# Calibrate Elite heater?



## Shiyuu (Apr 9, 2011)

I got a 300W Elite Heater in my 48G long, it seems like off by 2C (set on 22C but temp stable at 24C), and seems there's no way to calibrate it like Jager heater eh?

1. Can anyone teach me how to match it to the tank temp. ?
2. 300W heater seems good on the winter time, but is it a bit too much during summer time?


----------



## Victor (Apr 21, 2010)

I wouldn't say it is too much but a 300w is rated for around 80gallons

I have used bigger than needed heaters on my tanks before with no problems

As for calibration, I don't know of such a feature


----------



## gklaw (May 31, 2010)

I won't trust any setting on any brand of thermometers. I use them straightly for adjustment purpose only.

I have the $2 stick on or glass thermometer in my tanks as cross reference. I have found these the most reliable. That way you also have a cross check as well. If the heater and the $2 thingie don't match up, time to check things out. With the heater alone, you won't even know when your heater is broken - full time on or full time off.


----------



## Jasonator (Jul 12, 2011)

I agree. The numbers printed on every heater ever made by anyone are strictly for entertainment purposes only 

If I'm ever in serious doubt as to accurate temperature, I use two thermometers made by different companies and see what the average is.


----------



## Gregzz4 (Jun 25, 2010)

Shiyuu said:


> 300W heater seems good on the winter time, but is it a bit too much during summer time?
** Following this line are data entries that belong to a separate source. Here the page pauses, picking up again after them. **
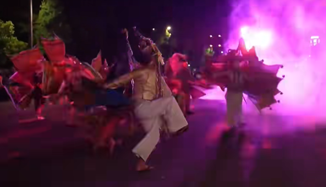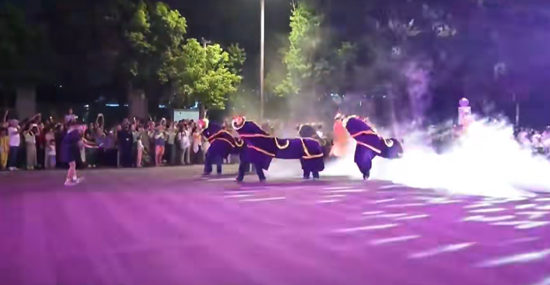 当晚8时,随着象脚鼓与铓锣声齐响,巡游队伍缓缓出发。孔雀花车率先登场,以竹骨为架、饰以翎羽,搭配傣式白塔与流光霓虹,在夜色中熠熠生辉 。紧随其后的白象、马鹿花车,生动呈现国家级非遗《白象舞》《马鹿舞》的吉祥寓意,舞者头戴面具、身着华服,步伐古朴,再现传统祈福场景。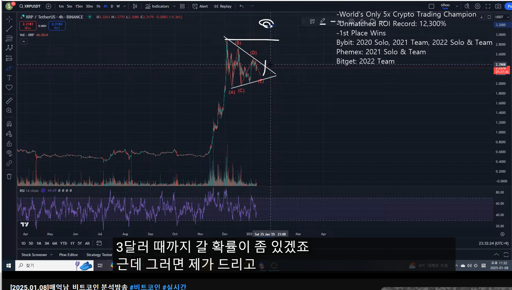 - 만약 삼각 수렴 4파 구간이면, ABCDE로 카운팅 할 수 있다. 이후 만약 상방 이탈한다면, 고점을 넘어서 3달러대까지 갈 확률이 좀 있다.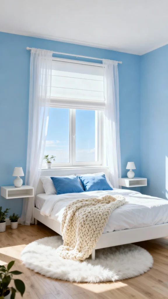 Soft sky blue walls create an instantly peaceful atmosphere. It’s like bringing the outdoors in, but without the bugs. 😊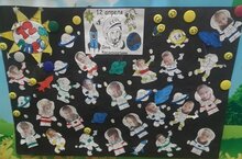Менә татарчага тәрҗемәсе:12 апрель – Космонавтика көне алдыннан, тәрбияче һәм әзерлек төркеме тәрбияләнүчеләре "Космосны яулаучылар" дип исемләнгән стенгазета ясадылар, анда балалар серле һәм сихри космос белән якыннан таныша алдылар. Балалар стенгазета ясауда зур теләк белән катнаштылар. Стенгазета ясау барышында балалар Кояш системасы, беренче космонавт Юрий Гагарин, космик аппаратлар, Ай һәм Кояш, кометалар һәм метеоритлар турында күп нәрсә белделәр. Стенгазетаны ата-аналар өчен мәгълүмат почмагына урнаштырдылар, һәм балалар алган белемнәрен әниләре һәм әтиләре белән зур шатлык белән уртаклаштылар.
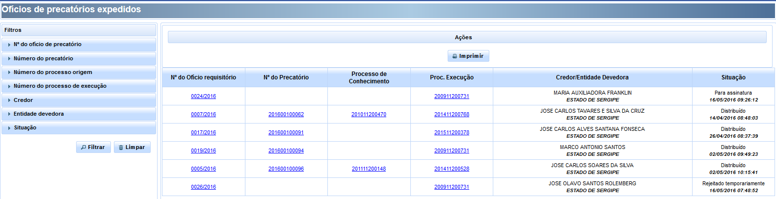 O resultado da filtragem será exibido na tabela visualizada ao lado direito da tela, a qual poderá, inclusive, ser impressa, clicando-se no botão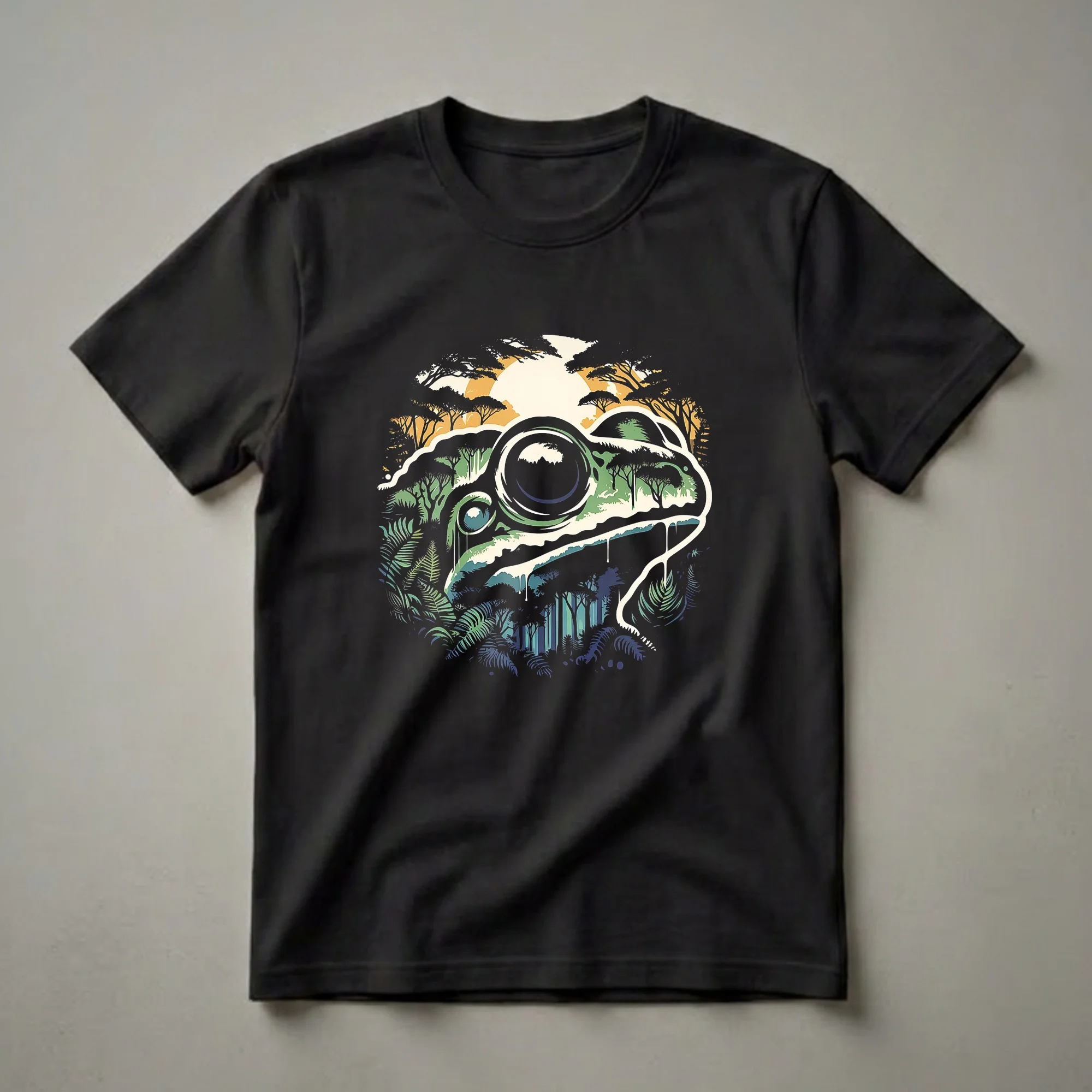 Reptile enthusiasts and nature lovers will appreciate this striking graphic tee that merges the iconic form of a frog with a vibrant rainforest ecosystem. The design features a close-up of a frog's head, its large eye gazing outward, while within its silhouette, a lush rainforest scene unfolds. Silhouetted trees, dense foliage, and ferns create a layered effect, evoking the rich biodiversity of a tropical environment. A warm, setting sun or moon peeks through the canopy, casting an orange glow that contrasts with the deep greens and blues of the forest. This artistic t-shirt is a wearable piece of art, a thoughtful choice for anyone fascinated by amphibians and their natural habitats. Frogs are vital indicators of environmental health, thriving in moist environments like rainforests, where they play a crucial role in insect population control. This shirt makes a thoughtful gift for the herpetologist in your life or for someone who simply admires the intricate beauty of the natural world. Wear this tee to your next nature walk or casual outing to spark conversations about conservation and the wonders of the wild.
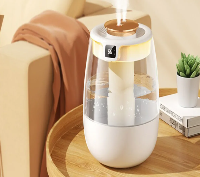 Управление простое: одной кнопкой можно включать и выключать прибор. Увлажнитель помогает бороться с сухостью воздуха, улучшает качество сна, снижает риск заболеваний дыхательных путей и предотвращает пересыхание кожи.
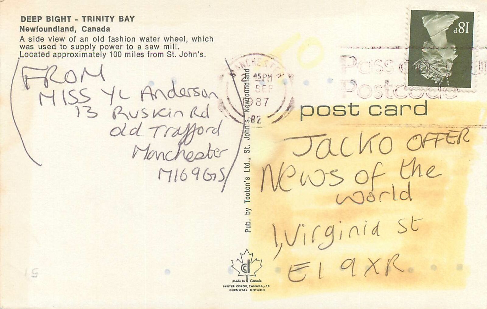Postcard England Canada Newfoundland water wheel Trinity Bay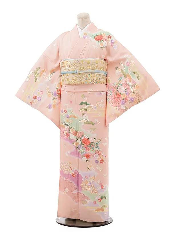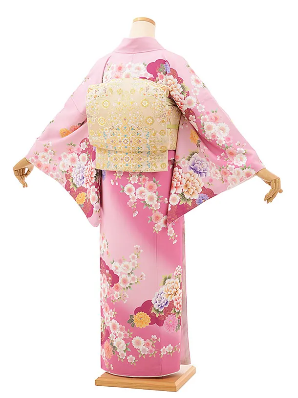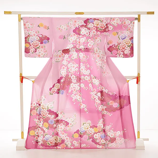 訪問着レンタルtc864 ピンクぼかし 雲取 ぼたん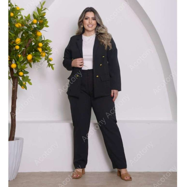 Conjunto Alfaiataria Plus Size GG ao G3 Feminino Casaco + Calça Social Com Botão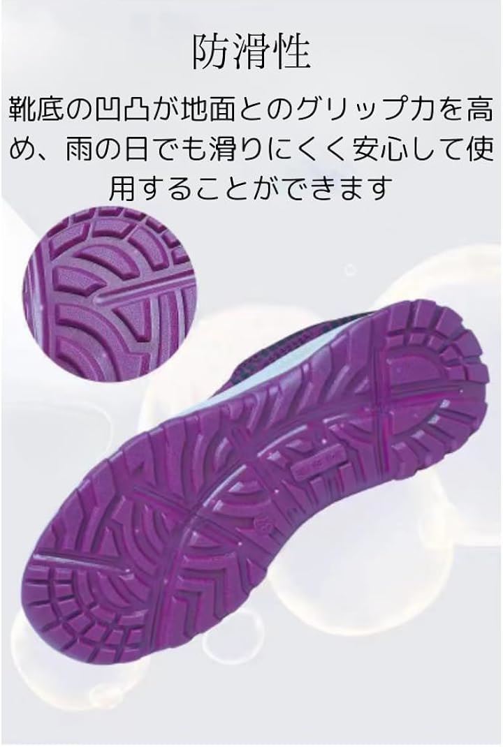 「滑りにくい靴底」 靴底は特殊形状の深い溝が刻まれているので、滑りにくく歩きやすい。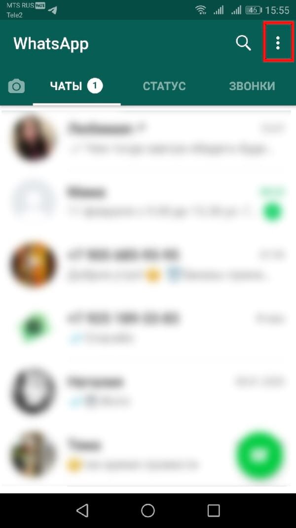 Откройте приложение WhatsApp и нажмите кнопку меню из трех точек на верхней панели инструментов.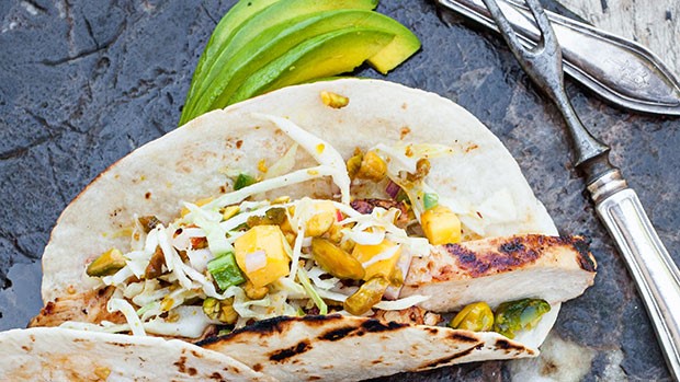 또띠야는 팬에서 가볍게 데우거나 전자레인지를 이용하여 따뜻하게 만들어주세요. 따뜻한 또띠야는 재료를 더 잘 감싸주고, 맛도 더 좋답니다! :D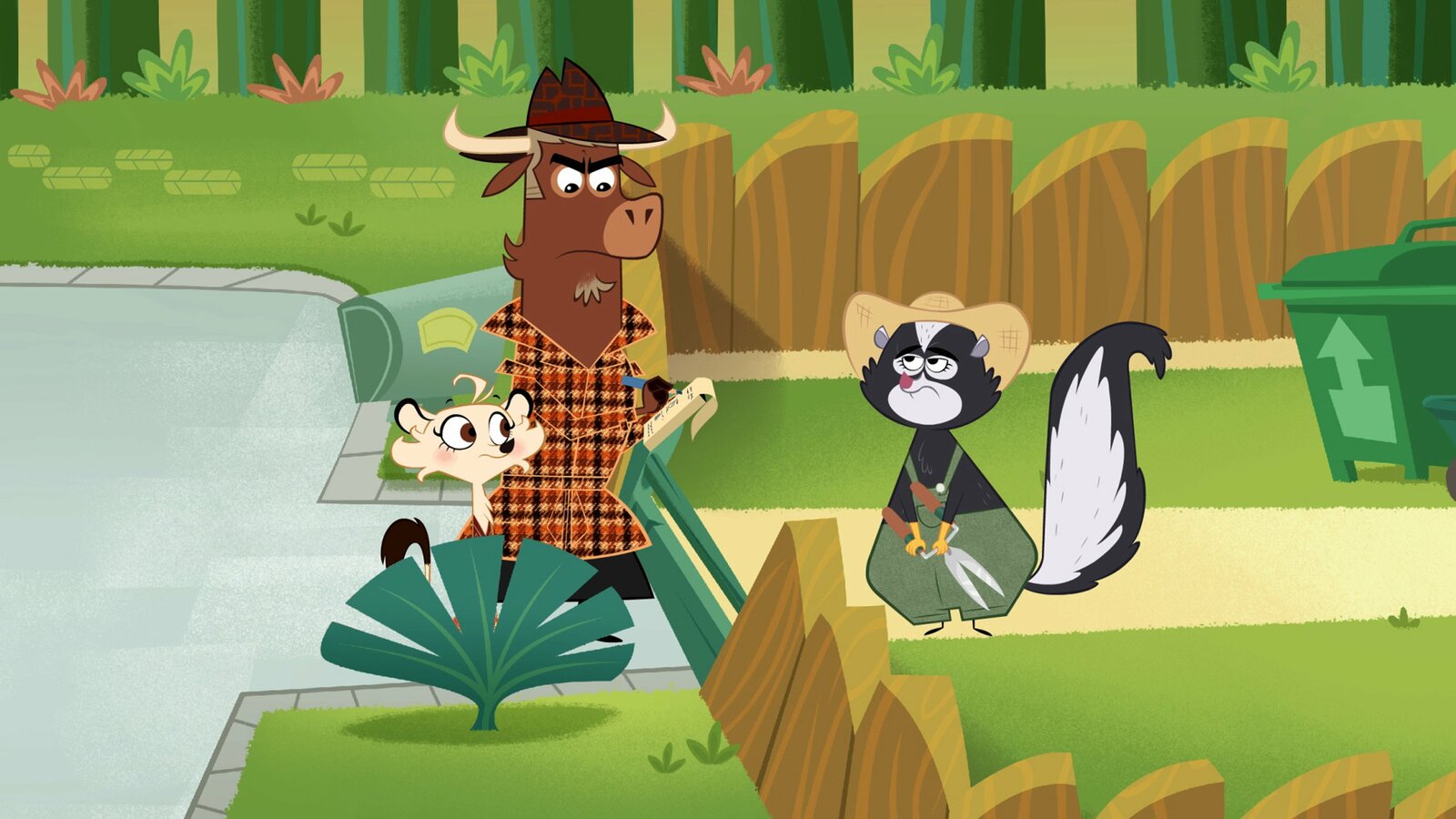 Wer hat den Beo erpresst?Frau Stinktier kann als Gärtnerin geschickt mit der Schere umgehen.Bild: © ZDF/Mondo tv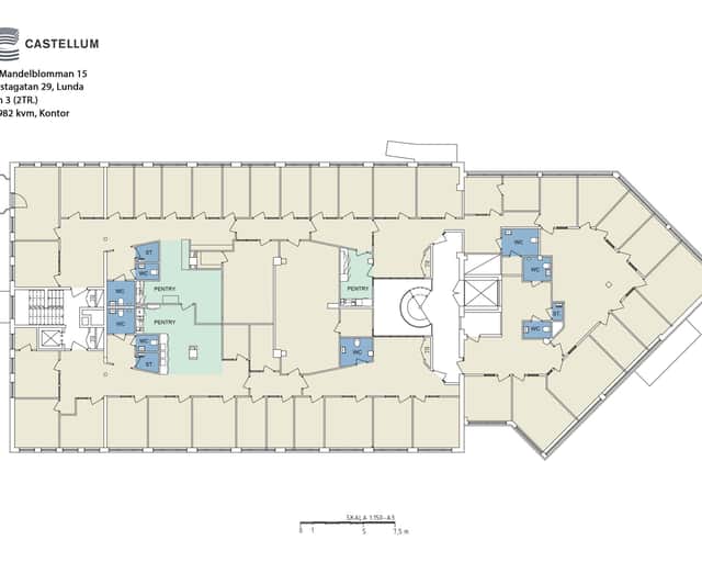 Ett större kontorsplan med generösa ytor, flera pentryn och WC-grupper. Planlösningen ger möjlighet till både öppna kontorslandskap och rumsindelade lösningar. Lämpligt för större organisationer eller utbildningsverksamhet.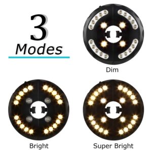 1.【3 Lighting Modes】Able to adjust different brightness by pressing side switch, so you can press once for 4 LED lights(dim), twice for 20 LED lights(bright) or three times for 24 LED lights(ultra bright), which can easily satisfy your desired brightness.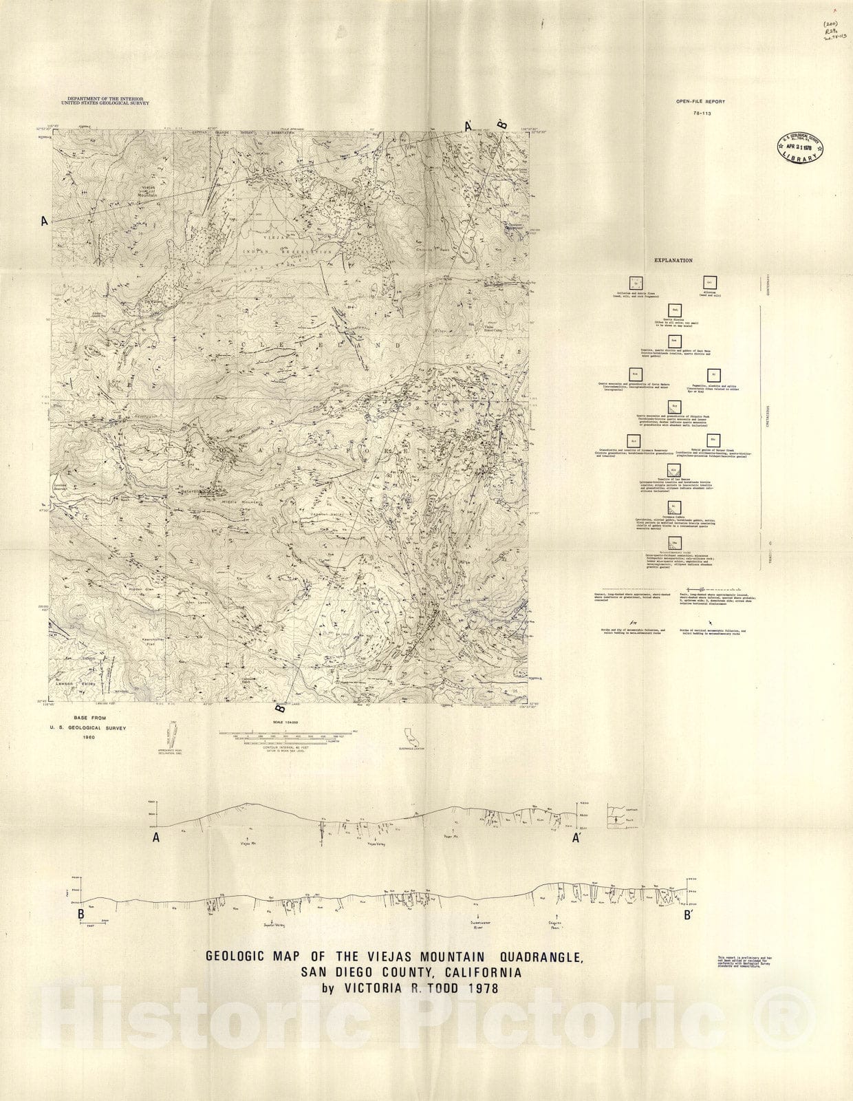 • .Map : Geologic map of the Viejas Mountain quadrangle, San Diego County, California, 1978 Cartography Wall Art :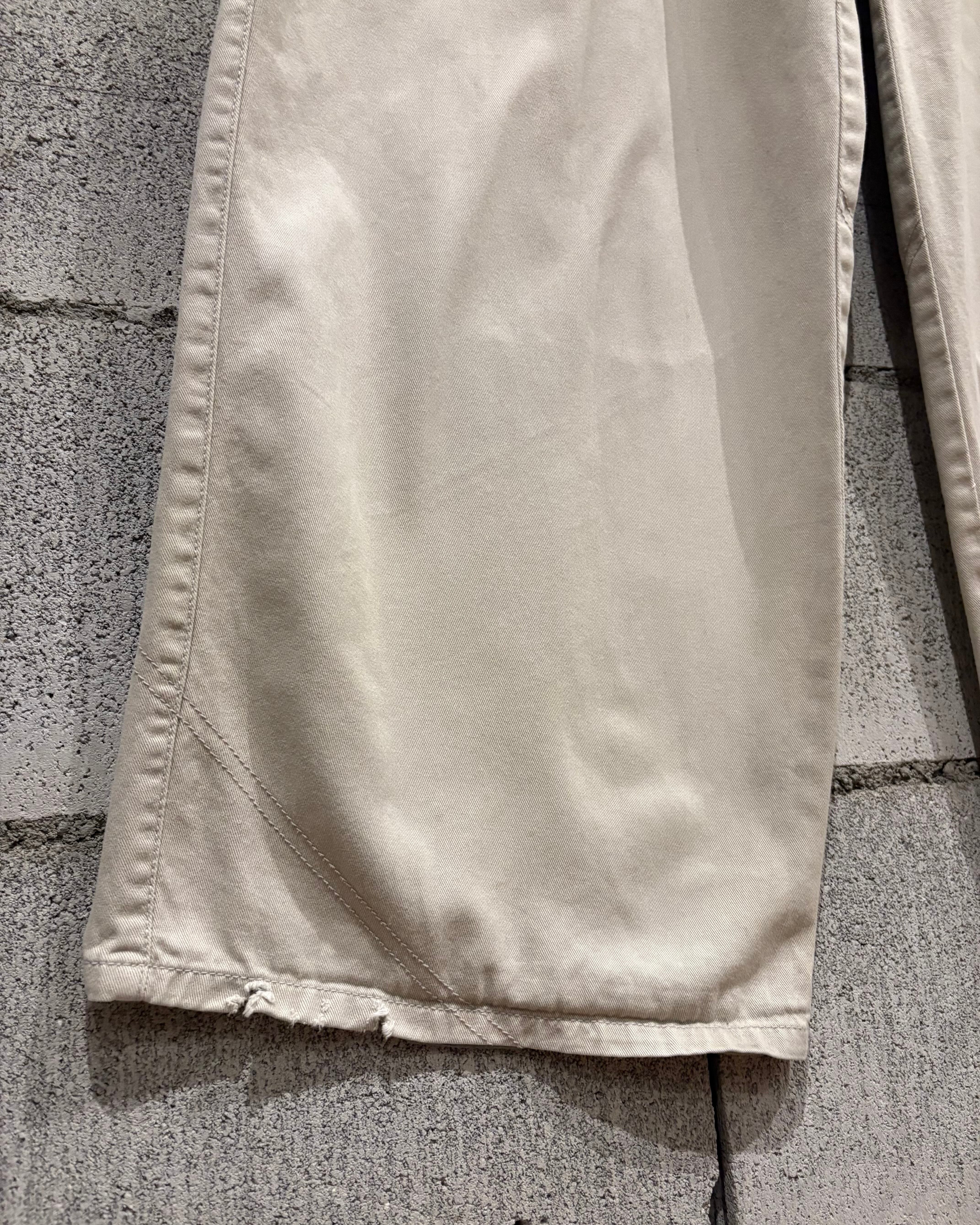 ボディサイドにはスラッシュポケット、背面にはカルチャーを感じられる深めのバックポケットに、大胆に施されたステッチがレイブ特有のワイドなシルエットを引き立てています。

You most likely could have gotten away with a 200W, but yours probably won't have to work as hard. IMO it may last longer
But, it will also cook your tank faster if it ever sticks on 

As far as summer goes, that has no bearing as it will only come on when needed

And about your calibration concerns;
Just ignore the heater and use a good quality thermometer or two


----------



## Shiyuu (Apr 9, 2011)

Thanks for all the advice~
Oh well, I guess I will rely on the good ol' thermometer to do the adjusting then~


----------